If you have diabetic retinopathy, you may need an eye exam more often. People with proliferative retinopathy can reduce their risk of blindness by 95 percent with timely treatment and appropriate follow-up care.
The level of blood sugar control may not be best for everyone, including some elderly patients, children under age 13, or people with heart disease.
Other studies have shown that controlling elevated blood pressure and cholesterol can reduce the risk of vision loss.
Symptoms
Often there are no symptoms in the early stages of the disease, nor is there any pain. Don't wait for symptoms. Be sure to have a comprehensive dilated eye exam at least once a year.
Blurred vision may occur when the macula—the part of the retina that provides sharp central vision—swells from leaking fluid. This condition is called macular edema.
At first, you will see a few specks of blood, or spots, "floating" in your vision. Hemorrhages tend to happen more than once, often during sleep.

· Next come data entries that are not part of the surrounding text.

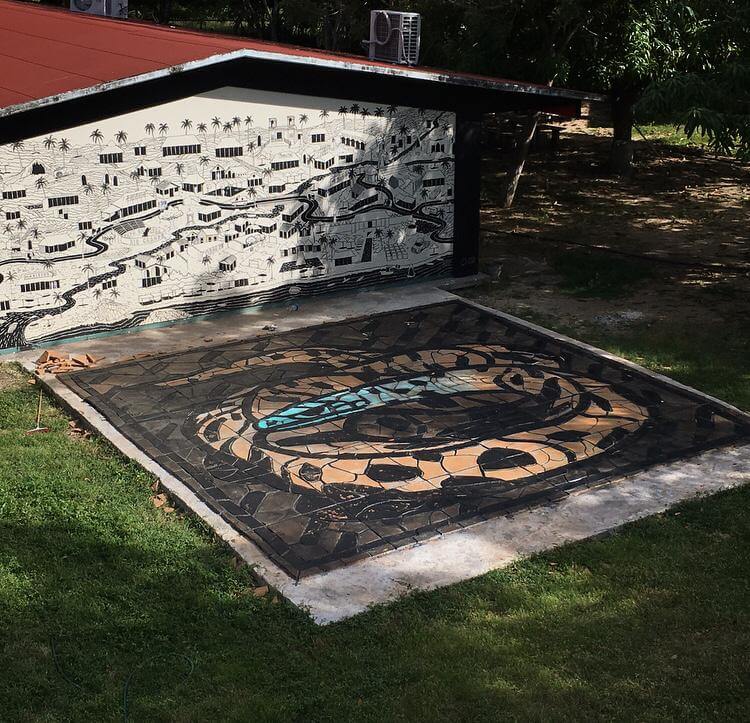 Consiste en un gran piso de mosaico ubicado dentro de las áreas verdes de la institución, para que sirva como punto de encuentro y referencia dentro del plantel. Este mosaico es creado por placas de barro cocido, que en su conjunto forman la imagen de una gran serpiente. Se pretende que este espacio pueda ser utilizado para representaciones teatrales, zona de convivio o de encuentro o aula al aire libre.
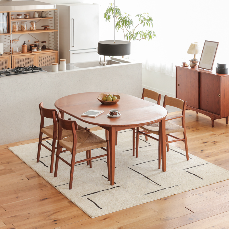 こちらのサイズなら、一般的な4人掛けのダイニングセットがまるっと収まります。ダイニングラグとしてお迎えいただく場合、「テーブルサイズ+60~70cm」を目安に、サイズをご検討いただければと思います。
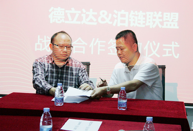 德立達董事長黃思林與泊鏈聯盟楊義平在合作戰略書上相互簽字。
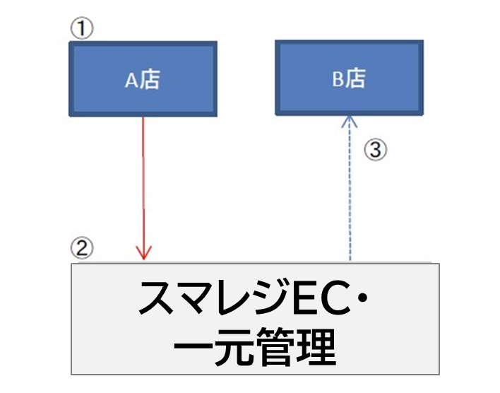 例えば以下の図のように、モール1で商品を購入された場合、他モールの在庫数も1つ減らし自動的に在庫数を調整します。
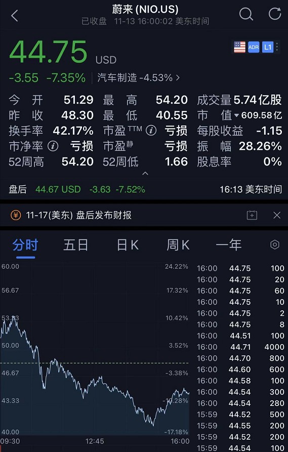 蔚来汽车将于11月17日下周二美股盘后公布三季度财报。此前,造车新势力小鹏汽车和理想汽车财报利好,推动中概汽车股近日接连冲上新高。截止周四收盘,过去一个月,蔚来汽车股价翻倍、累涨逾123%,今年以来股价涨了11倍,去年底交投在4美元一线。

If left untreated, proliferative retinopathy can cause severe vision loss and even blindness.
Treatment (A) Non proliferative Retinopathy
During the non proliferative stages of diabetic retinopathy, no treatment is needed, unless you have macular edema. To prevent progression of diabetic retinopathy, people with diabetes should control their levels of blood sugar, blood pressure, and blood cholesterol.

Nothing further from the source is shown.